The minutes passed. Slowly the tablets took effect, and he felt the tunnel open before him again. He grew convinced that his doctor was waiting behind the locked door. He could hear fidgeting, a chair scraping the floor, faint sounds as though whoever made them was trying not to be overheard. He pressed down the handle, but the door did not budge. He banged the door, demanding that it be opened, but the furtive sounds within abruptly ceased. The locked room marked him out as an outsider in a strange house, a lonely eavesdropper, a crazy fantasist who was trying to intrude upon someone else’s story. He tried to stifle his rage, and r
ested his forehead against the wood of the door. His understanding of what was happening to him kept flickering on and off like a faulty light bulb. When the drugs wore off, his mind would be eclipsed into darkness once again. Determined now, he walked into the kitchen and found a screwdriver in one of the drawers. He marched back to the door and with a practised movement wrenched the lock loose.
As soon as he entered the room, it became clear to him that his therapist had not yet arrived. Instead, he identified the woman tied to a chair in the centre of the room, recognised her voice as he heard her scream, a desperate uninhibited shriek that rippled through his entire body, and then changed in pitch to the raw huskiness of someone who’d been left alone for days.
Her name was Laura Dunnock, and he knew with clarity that she was his next victim.
23
When Carla got home, she found David sitting by the TV with a beer. She gave him a quick kiss on his cheek. Looking up she saw her mother-in-law standing in the kitchen wearing a pair of oven gloves. She was watching Carla with the staring look of someone practised in the silent art of reproach. A freshly baked lasagne was sitting on the table and the children were already in bed, even though it was only seven o’clock.

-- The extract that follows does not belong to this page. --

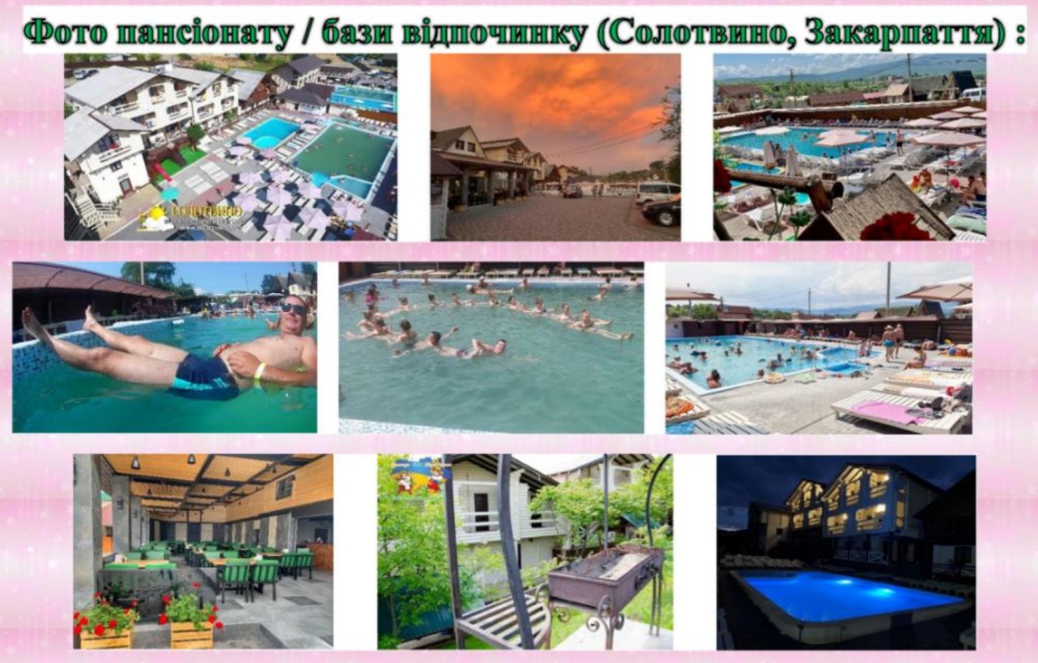 Эффективная альтернатива всем морям - Солотвинские лечебные солёные озёра и бассейны с рапой. Закарпатский летний загар приравнивается к южному по устойчивости сохранения. Плюс неповторимый колорит гуцульских Карпат и румынского приграничия. Приглашаем Вас в оздоровительный тур к самому солёному курорту Украины - пгт. Солотвино (Закарпатье).

‘How are the children?’ asked Carla.
‘They’re right as rain,’ said David.
‘Then why are they in bed so early?’
‘Because. Now give me another kiss.’ He expelled a belch and excused himself. She realised it was not his first beer of the evening.
‘Not with your mother watching,’ she said under her breath.
Upstairs, she found the children fast asleep with open storybooks next to their beds. She stumbled a little as she bent to kiss Alice’s composed face. A new domestic world was taking shape around her, softer lights, tidier rooms, smells of soap and air fresheners, quiet children. It all contrasted so sharply with the way things had been before Mrs Herron’s arrival.